If we use the formula for double angles, \displaystyle \text{sin 2}x=\text{2sin }x\text{ cos }x, and move all the terms over to the left-hand side, the equation becomes

\displaystyle 2\sin x\cos x-\sqrt{2}\cos x=0.

Then, we see that we can take a factor cos x out of both terms,

\displaystyle \cos x\left( 2\sin x-\sqrt{2} \right)=0

and hence divide up the equation into two cases. The equation is satisfied either if \displaystyle \text{cos }x=0\text{ } or if \displaystyle 2\sin x-\sqrt{2}=0.

\displaystyle \text{cos }x=0\text{ }: this equation has the general solution

\displaystyle x=\frac{\pi }{2}+n\pi ( \displaystyle n an arbitrary integer)

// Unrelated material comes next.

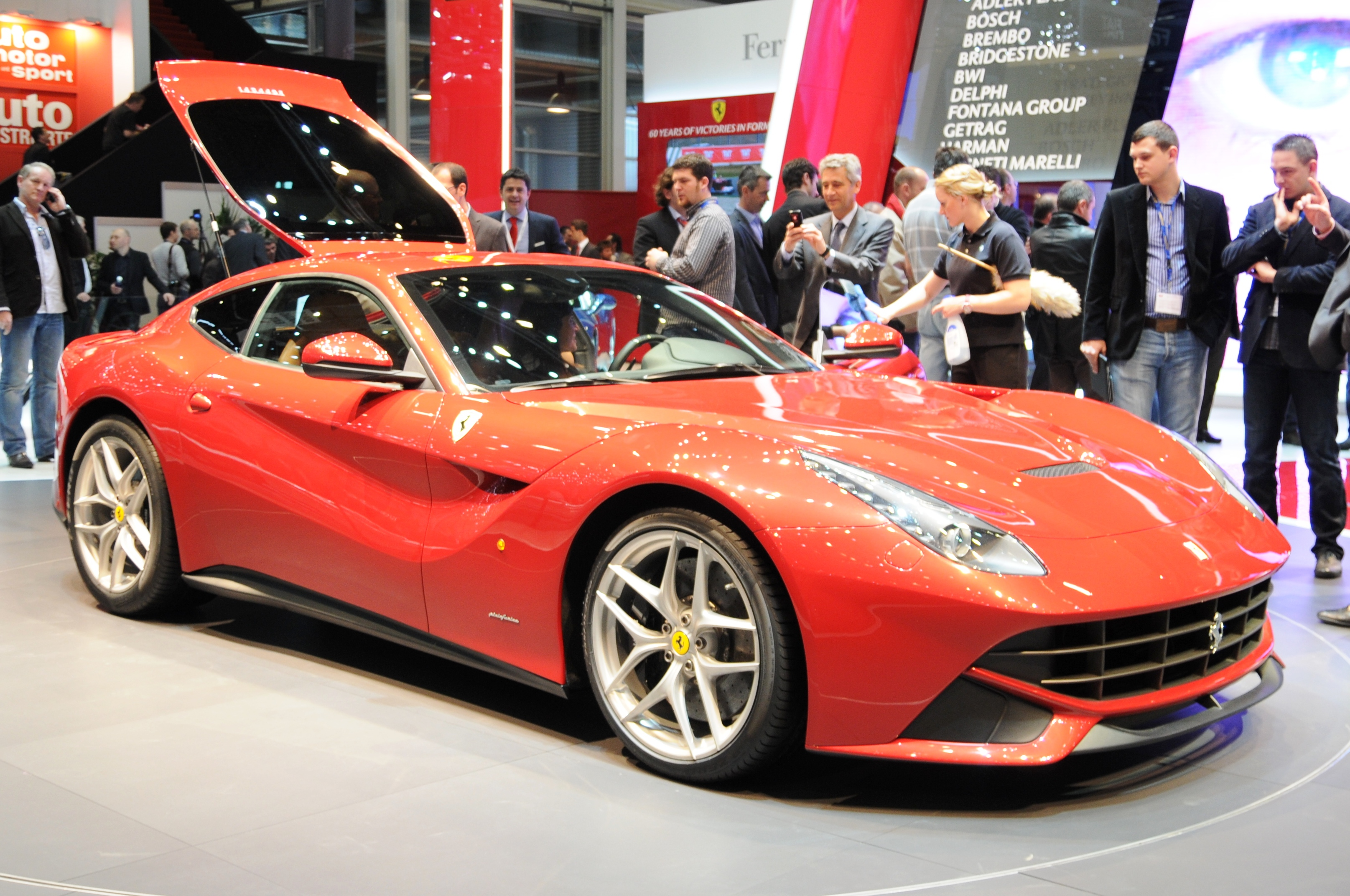 Geneva Motor Show 2012 (photos taken on the second press day)

\displaystyle 2\sin x-\sqrt{2}=0: If we collect \displaystyle \text{sin }x on the left-hand side, we obtain the equation \displaystyle \text{sin }x\text{ }={1}/{\sqrt{2}}\;, which has the general solution

\displaystyle \left\{ \begin{array}{*{35}l} x=\frac{\pi }{4}+2n\pi \\ x=\frac{3\pi }{4}+2n\pi \\ \end{array} \right. ( \displaystyle n an arbitrary integer)

The complete solution of the equation is

\displaystyle \left\{ \begin{array}{*{35}l} x=\frac{\pi }{4}+2n\pi \\ x=\frac{\pi }{2}+n\pi \\ x=\frac{3\pi }{4}+2n\pi \\ \end{array} \right. ( \displaystyle n an arbitrary integer).